◆ Work required: In your copy, drop the images and return each record exactly as it stands.
# # # # #
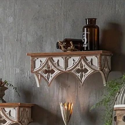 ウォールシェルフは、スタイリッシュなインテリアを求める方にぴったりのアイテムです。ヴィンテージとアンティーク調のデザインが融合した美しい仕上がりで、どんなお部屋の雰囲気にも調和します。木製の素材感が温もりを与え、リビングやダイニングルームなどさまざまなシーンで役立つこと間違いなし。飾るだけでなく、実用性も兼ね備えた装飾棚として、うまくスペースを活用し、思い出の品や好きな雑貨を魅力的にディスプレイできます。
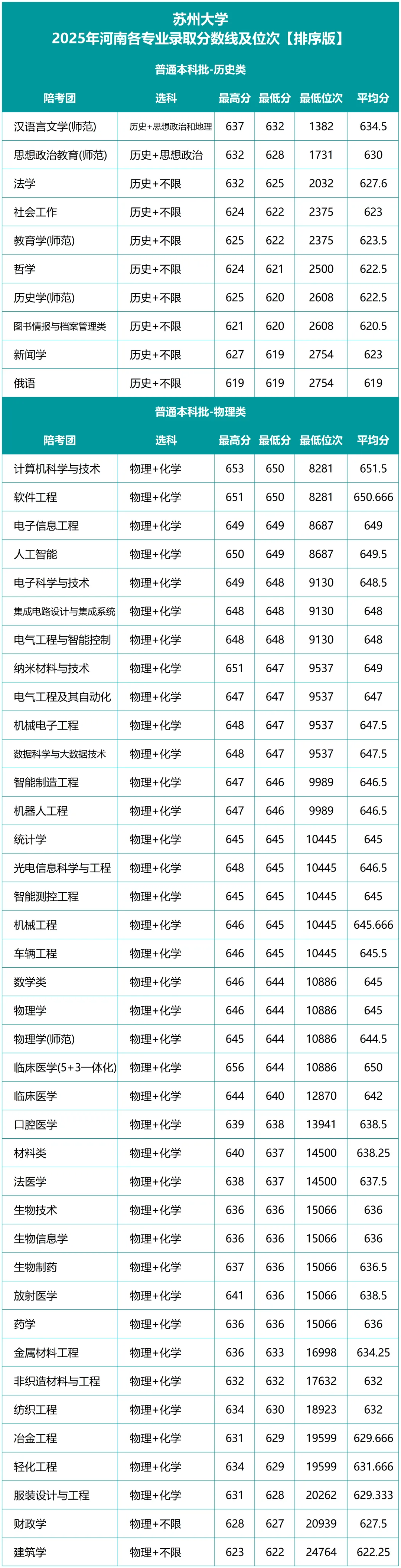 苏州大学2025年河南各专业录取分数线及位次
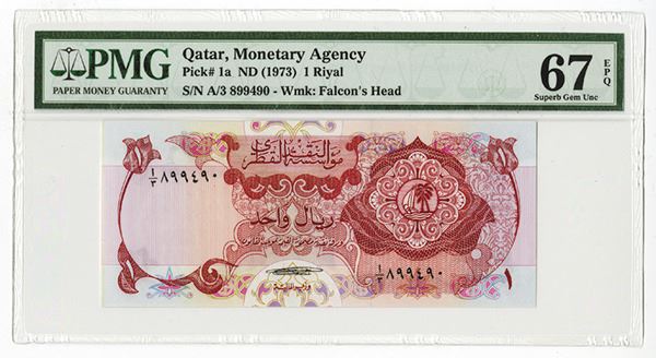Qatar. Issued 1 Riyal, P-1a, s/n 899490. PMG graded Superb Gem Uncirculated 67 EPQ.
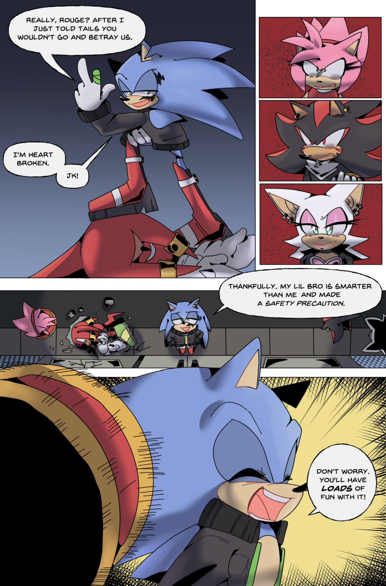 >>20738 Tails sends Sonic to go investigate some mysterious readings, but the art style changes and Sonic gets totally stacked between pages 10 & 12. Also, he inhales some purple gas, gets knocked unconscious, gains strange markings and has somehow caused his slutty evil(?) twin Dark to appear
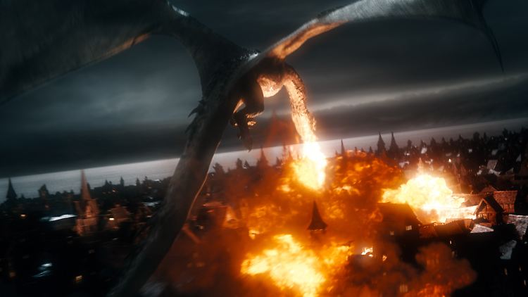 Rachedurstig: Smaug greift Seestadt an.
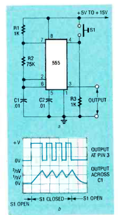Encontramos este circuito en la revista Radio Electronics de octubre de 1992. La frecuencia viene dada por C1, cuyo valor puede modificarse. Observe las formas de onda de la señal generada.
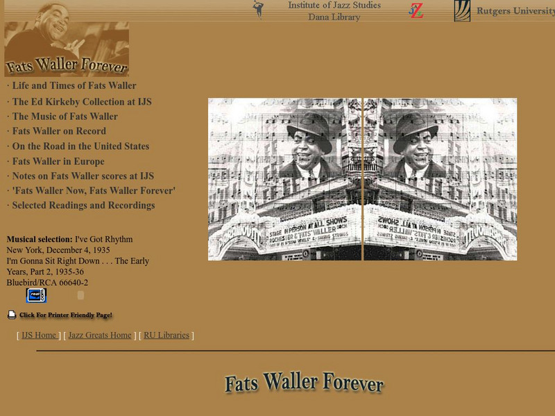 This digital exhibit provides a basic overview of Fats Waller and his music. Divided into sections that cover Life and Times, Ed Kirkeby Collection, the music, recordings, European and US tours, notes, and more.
# # # # #
◆ Result of this task:
 ウォールシェルフは、スタイリッシュなインテリアを求める方にぴったりのアイテムです。ヴィンテージとアンティーク調のデザインが融合した美しい仕上がりで、どんなお部屋の雰囲気にも調和します。木製の素材感が温もりを与え、リビングやダイニングルームなどさまざまなシーンで役立つこと間違いなし。飾るだけでなく、実用性も兼ね備えた装飾棚として、うまくスペースを活用し、思い出の品や好きな雑貨を魅力的にディスプレイできます。
 苏州大学2025年河南各专业录取分数线及位次
Qatar. Issued 1 Riyal, P-1a, s/n 899490. PMG graded Superb Gem Uncirculated 67 EPQ.
 >>20738 Tails sends Sonic to go investigate some mysterious readings, but the art style changes and Sonic gets totally stacked between pages 10 & 12. Also, he inhales some purple gas, gets knocked unconscious, gains strange markings and has somehow caused his slutty evil(?) twin Dark to appear
 Rachedurstig: Smaug greift Seestadt an.
Encontramos este circuito en la revista Radio Electronics de octubre de 1992. La frecuencia viene dada por C1, cuyo valor puede modificarse. Observe las formas de onda de la señal generada.
 This digital exhibit provides a basic overview of Fats Waller and his music. Divided into sections that cover Life and Times, Ed Kirkeby Collection, the music, recordings, European and US tours, notes, and more.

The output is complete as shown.